New Delhi: Noida Toll Bridge Company Limited (NTBCL) reported a sharp turnaround in its financial performance for the third quarter of FY26, posting a consolidated profit after tax of ₹15.48 crore, aided by higher advertising income and a one-time exceptional gain.
The IL&FS Group company’s consolidated revenue for Q3FY26 stood at ₹23.28 crore, compared with ₹10.30 crore in the same quarter last year, marking a 126% year-on-year growth. Excluding a one-time exceptional income of ₹11.44 crore, revenue growth stood at 14.95%, the company said following its board meeting on Thursday.
In the year-ago quarter, NTBCL had reported a loss of ₹238.36 crore, largely due to an impairment charge of ₹232 crore on intangible assets.
Standalone Performance
On a standalone basis, NTBCL reported profit after tax of ₹15.23 crore in Q3FY26, compared with a loss of ₹4.68 crore in the corresponding quarter last year.
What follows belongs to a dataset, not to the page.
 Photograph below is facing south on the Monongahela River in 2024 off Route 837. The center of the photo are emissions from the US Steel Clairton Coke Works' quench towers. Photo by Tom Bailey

Standalone revenue also rose 126% year-on-year to ₹23.28 crore, supported primarily by advertising income.
Advertising continued to be the company’s key revenue stream, funding routine operations, safety measures, maintenance work, and statutory payments to the NOIDA Authority. During the nine months ended December 2025, NTBCL shared ₹2.55 crore with the NOIDA Authority from advertising revenue, in line with the concession agreement.
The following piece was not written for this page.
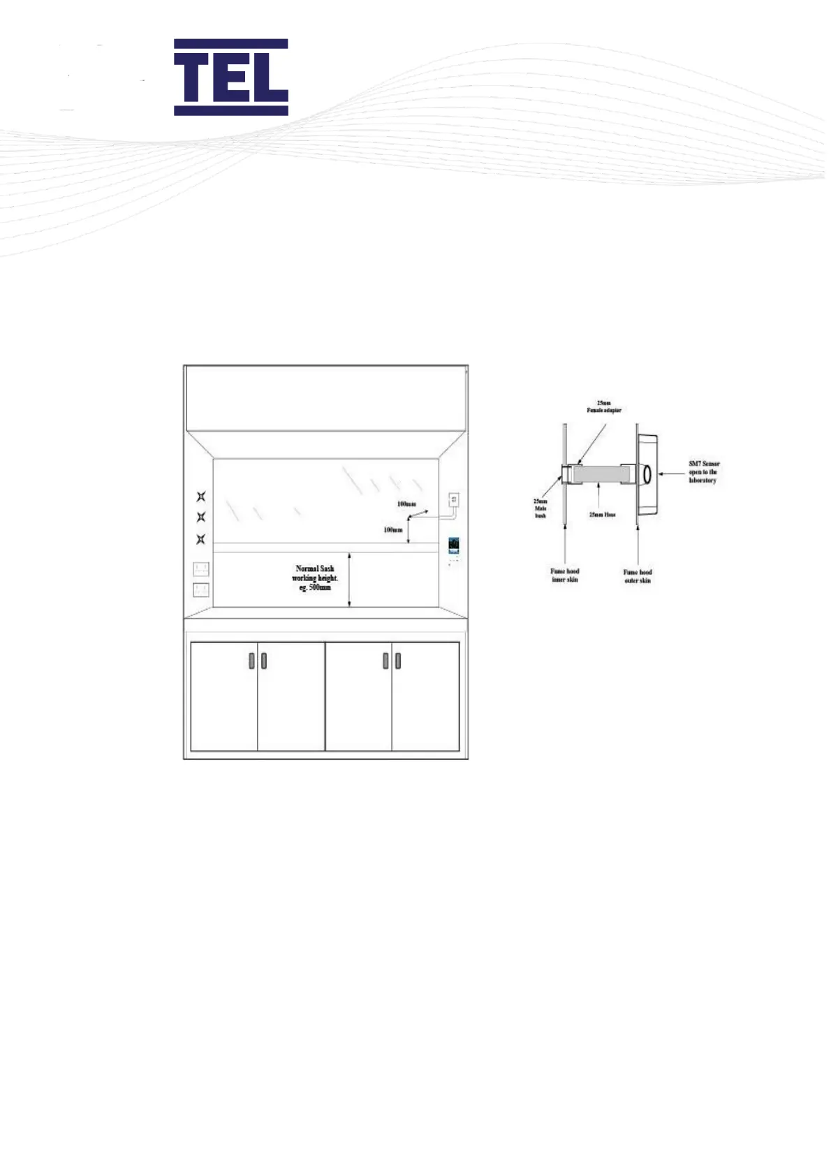 of 25 mm, which should be connected to the inner chamber of the fume cupboard. This tube

Operations and Maintenance
The company reiterated its commitment to maintaining the DND Flyway, which caters to over 2.5 lakh commuters daily. During the period, NTBCL undertook multiple repair works including bituminous concrete, SDBC works, micro-surfacing, and other carriageway repairs.
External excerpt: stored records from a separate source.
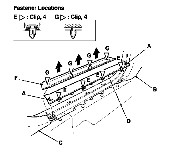 2. If necessary, pull the front side outer trim (F) up to detach the clips (G), then remove the trim.
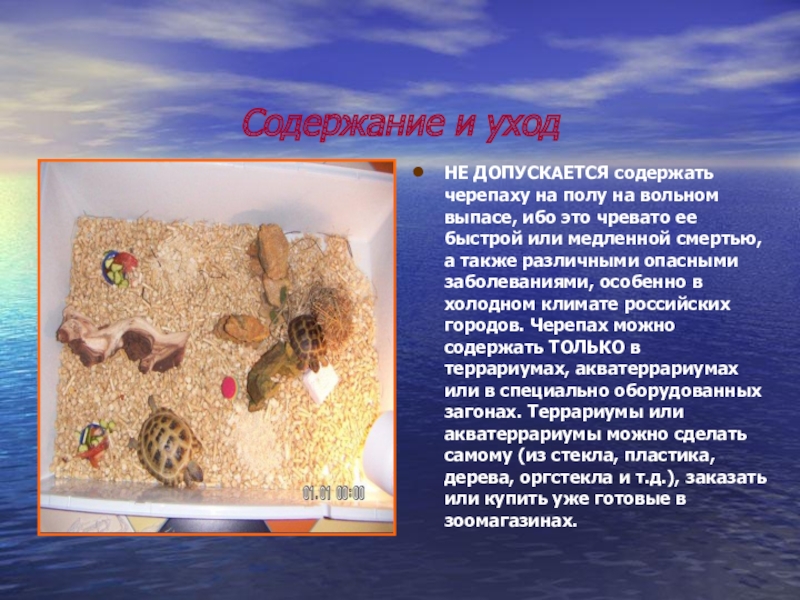 ибо это чревато ее быстрой или медленной смертью, а также различными опасными заболеваниями, особенно в холодном климате российских городов. Черепах можно содержать ТОЛЬКО в террариумах, акватеррариумах или в специально оборудованных загонах. Террариумы или акватеррариумы можно сделать самому (из стекла, пластика, дерева, оргстекла и т.д.), заказать или купить уже готовые в зоомагазинах.
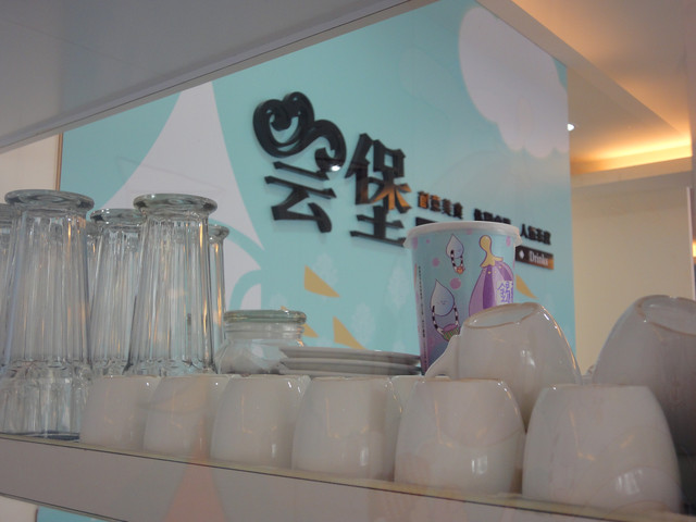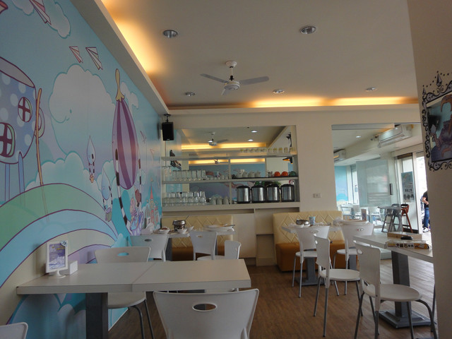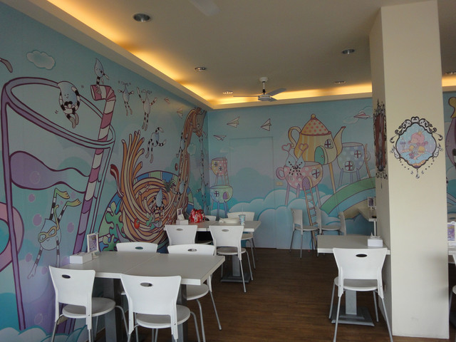 走進去時才發現,裡面的佈置是充滿童話般可愛的城堡塗鴉 (舒服的糖果藍)

As part of the second phase of its upgradation programme, NTBCL awarded contracts and commenced preparatory activities in October 2025. However, GRAP-IV restrictions led to a delay of nearly five weeks, pushing execution timelines into December.
Subject to the lifting of restrictions, the company expects the upgradation work to be completed within approximately five weeks, extending the timeline to March 2026.
The Board was also informed about the appointment of an external consultant to conduct a comprehensive assessment of long-term operating and maintenance requirements of the Flyway.
Legal Update on Advertising Revenue
The Board took note of the continuation of interim relief granted by the Delhi High Court, which has restrained the NOIDA Authority from taking coercive action against NTBCL in connection with its demand to halt advertisement displays and recover over ₹100 crore in alleged licence fees.
The matter, last heard on January 16, 2026, is now listed for hearing on April 27, 2026. NTBCL reiterated that advertising revenue remains lawful and essential following the suspension of toll collection in 2016.
The company reaffirmed its commitment to protecting the interests of over 60,000 retail shareholders, who together hold nearly 70% of its equity, while maintaining transparency and regulatory compliance.